Frowning with anxiety, he came to an empty road at the foot of the hill and tramped along it with an apprehensive haste toward a rude concrete bridge across a shallow stream. The sun was rising now, not much different from any other star. It showed him a wide green valley where a herd of black-and-white domestic animals grazed peacefully and a man in blue drove a crude traction plow.
The peddler paused for a moment, feeling a puzzled contempt for the stupid yokels who lived their small lives rooted here, as ignorant of the great world outside as their fat cattle were. If envy lay beneath his scorn, he didn’t know it.
The sunlight had begun to hurt his eyes and his thirst shook him again with a dry paroxysm. He limped grimly on. Beyond the bridge, he found crude two-dimensional signs set up along the road. He had no equipment to read their silent legends, but even the flat pictures of sealed bottles and dew-wet glasses spoke to him with a maddening eloquence.
At the summit of a gentle hill, he came upon a wooden hut enveloped in a thin but tantalizing fragrance of alcohol. The sign above the door convinced him that it was a public place, and a faded poster on the wall showed a plump native girl sipping a drink seductively.
He tried the door eagerly, but it was locked. The teasing odor tempted him to break in, but he shrank from the impulse fearfully. Running the quarantine was crime enough. He didn’t want to be rehabilitated, and he thought the place would surely open by the time he could supply himself with the local medium of exchange.
Already perspiring, he went on down the hill toward the village. It lay along a bend of the quiet stream he had passed: a scattered group of rude brick and stucco family huts standing in a grove of trees. It looked so different from the brawl and glitter of the raw pioneer cities he had known that he halted uncertainly.

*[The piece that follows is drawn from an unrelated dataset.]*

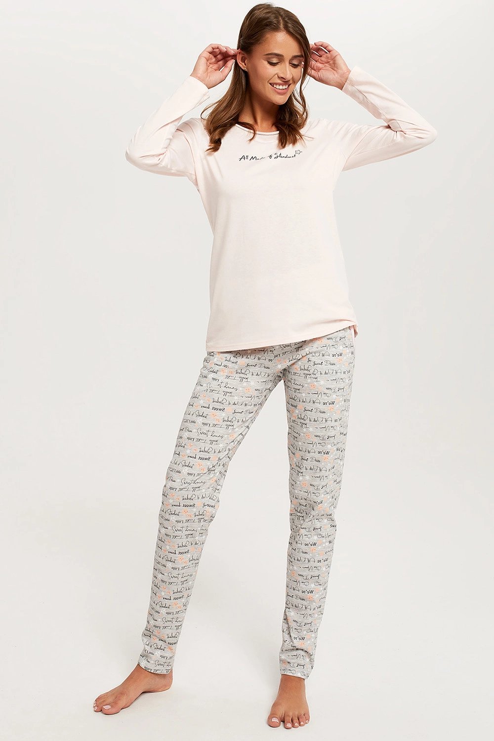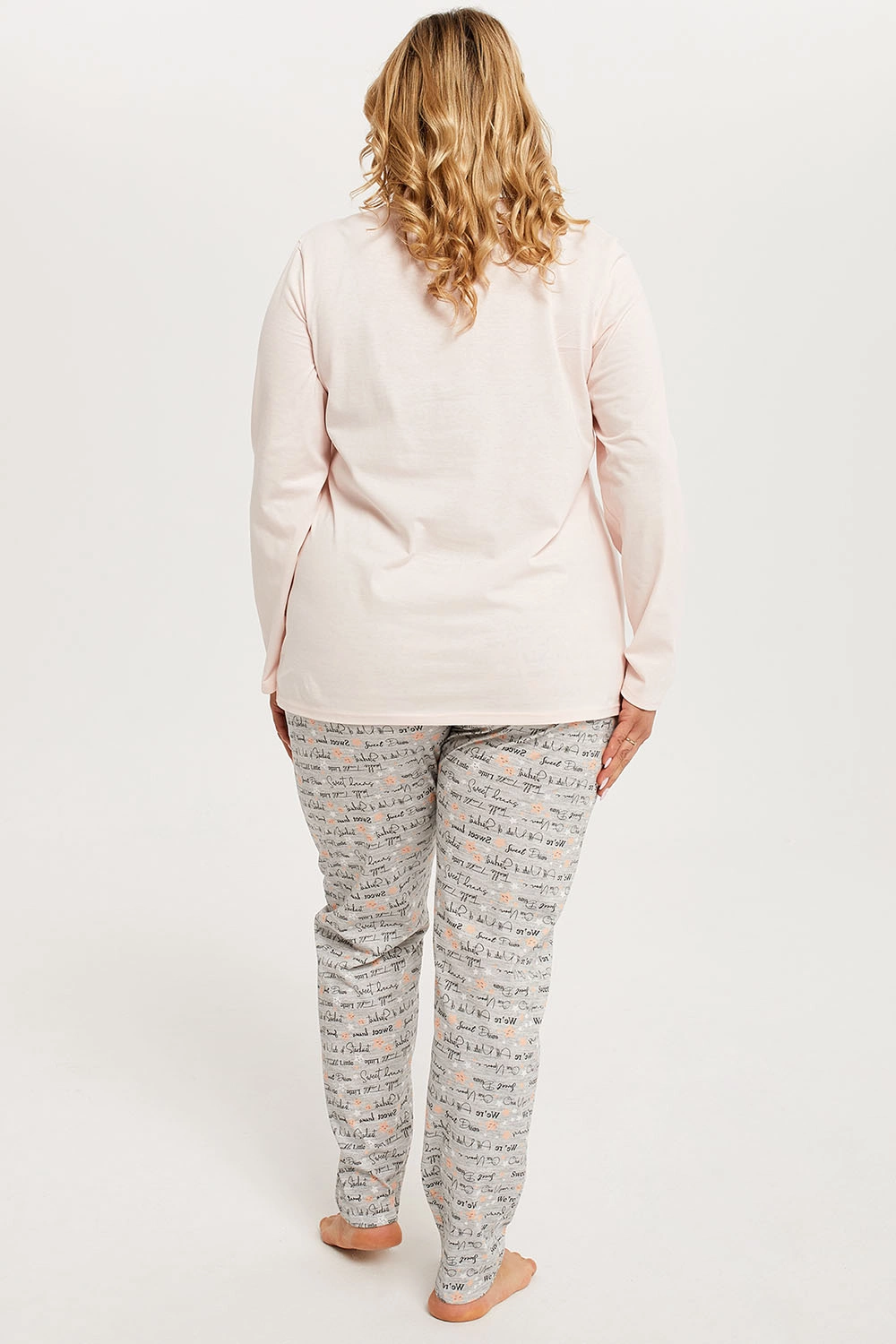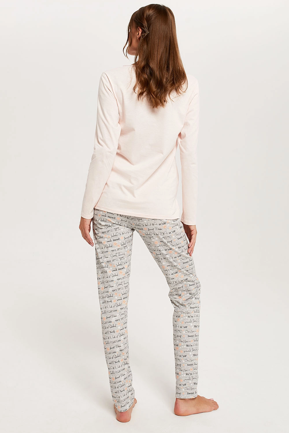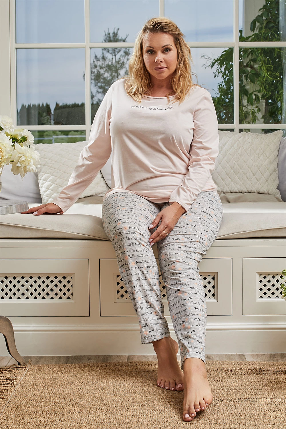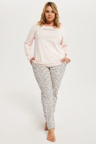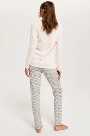 Piżama damska Karla to perfekcyjne połącznie jasnych, subtelnych łososiowo- szarych barw z ciekawym i oryginalnym wzorem.

He wasn’t used to dealing with such simple races. But then his novelties would certainly be new to their children, and the occasional discarded cans and bottles beside the road assured him that alcohol was abundant. That was really all that mattered. He mopped his face and swung the sales case to his left hand and staggered on again.
“Mornin’ to you, mister.”
Startled by that unexpected hail, he darted to the side of the road. A clumsy primitive vehicle had come up behind him. It was driven by some kind of crude heat engine, which gave off a faint reek of burning petroleum. A large man sat at the control wheel, watching him with a disturbing curiosity.
“Lookin’ for somebody in Chatsworth?”
The man spoke a harsh-sounding tongue he had never heard before, but the psionic translator, a tiny device no more, conspicuous than the native’s hearing aid, brought the meaning to him instantly.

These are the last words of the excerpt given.